5. A servo adjustment system according to claim 3, characterized in that the lifting assembly further comprises a vertical guide assembly (670), the vertical guide assembly (670) comprising at least one vertical guide rail fixedly arranged to the rotating plate (200); the vertical movement wedge block (640) is provided with at least one sliding groove, and the sliding groove is correspondingly matched and spliced with the vertical guide rail.

6. A servo-regulation system according to claim 3, wherein the number of lifting assemblies is three, the three groups of lifting assemblies being distributed at least on both sides of the lifting moving plate (300).

7. The servo adjustment system according to any one of claims 1-6, characterized in that the rotary servo (400) comprises an arcuate guide rail assembly (450), the arcuate guide rail assembly (450) being arranged between the base plate (100) and the rotary motion plate (200);

the rotary servo mechanism (400) further comprises a rotary servo motor (410), a rotary screw nut assembly (420) and a rotary ejector rod (430), an output shaft of the rotary servo motor (410) is fixedly connected with a screw in the rotary screw nut assembly (420), and a nut in the rotary screw nut assembly (420) is fixedly connected with the rotary ejector rod (430);

when the rotary servo motor (410) rotates along the first direction, the rotary ejector rod (430) can be driven to push the rotary moving plate (200) to rotate by taking the central shaft of the arc-shaped guide rail assembly (450) as an axis.

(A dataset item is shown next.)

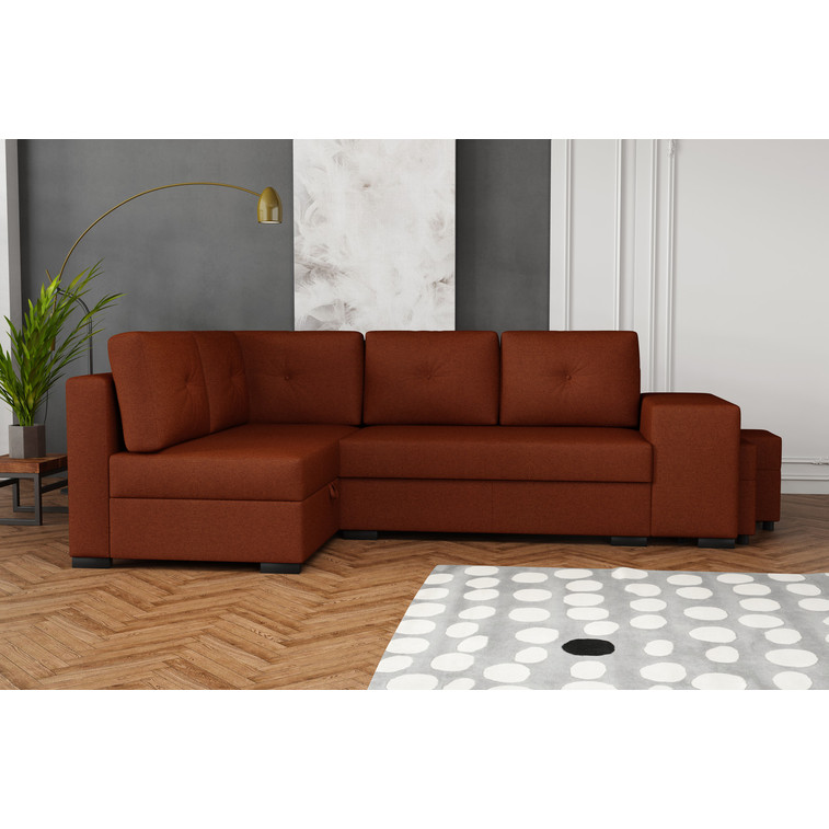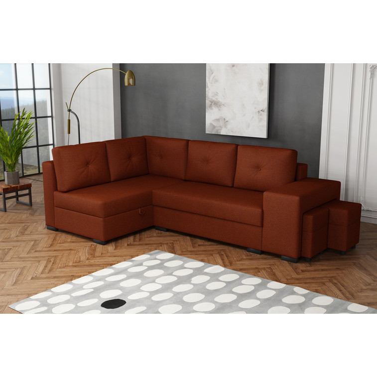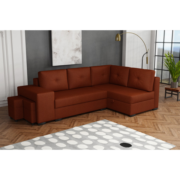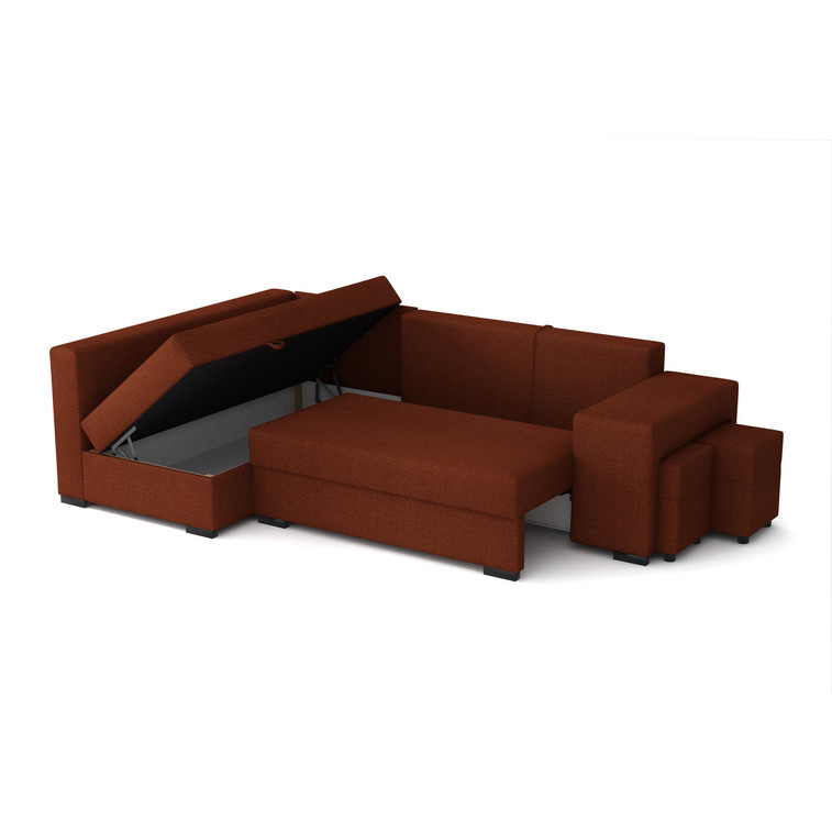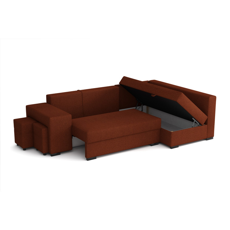 Rohová rozkládací sedací souprava HAPPY I s taburety.

8. The servo-regulation system of claim 7, wherein the number of arcuate guide rail assemblies (450) is two, and wherein two sets of arcuate guide rail assemblies (450) are coaxially disposed.

9. The servo adjustment system according to claim 7, characterized in that the servo adjustment system further comprises a return spring (500), one end of the return spring (500) being connected to the base plate (100) and the other end being connected to the rotating plate (200);

when the rotary servo motor (410) rotates in the first direction, the rotary moving plate (200) overcomes the elastic force of the return spring (500) and rotates; when the rotary servo motor (410) rotates in a second direction, the return spring (500) returns the rotary moving plate (200), the second direction being opposite to the first direction.

10. The servo adjustment system according to claim 9, wherein the number of the return springs (500) is two, the two return springs (500) are arranged along a diagonal line of the rotary motion plate (200), and the return springs (500) are elongated when the rotary jack (430) pushes the rotary motion plate (200) to rotate.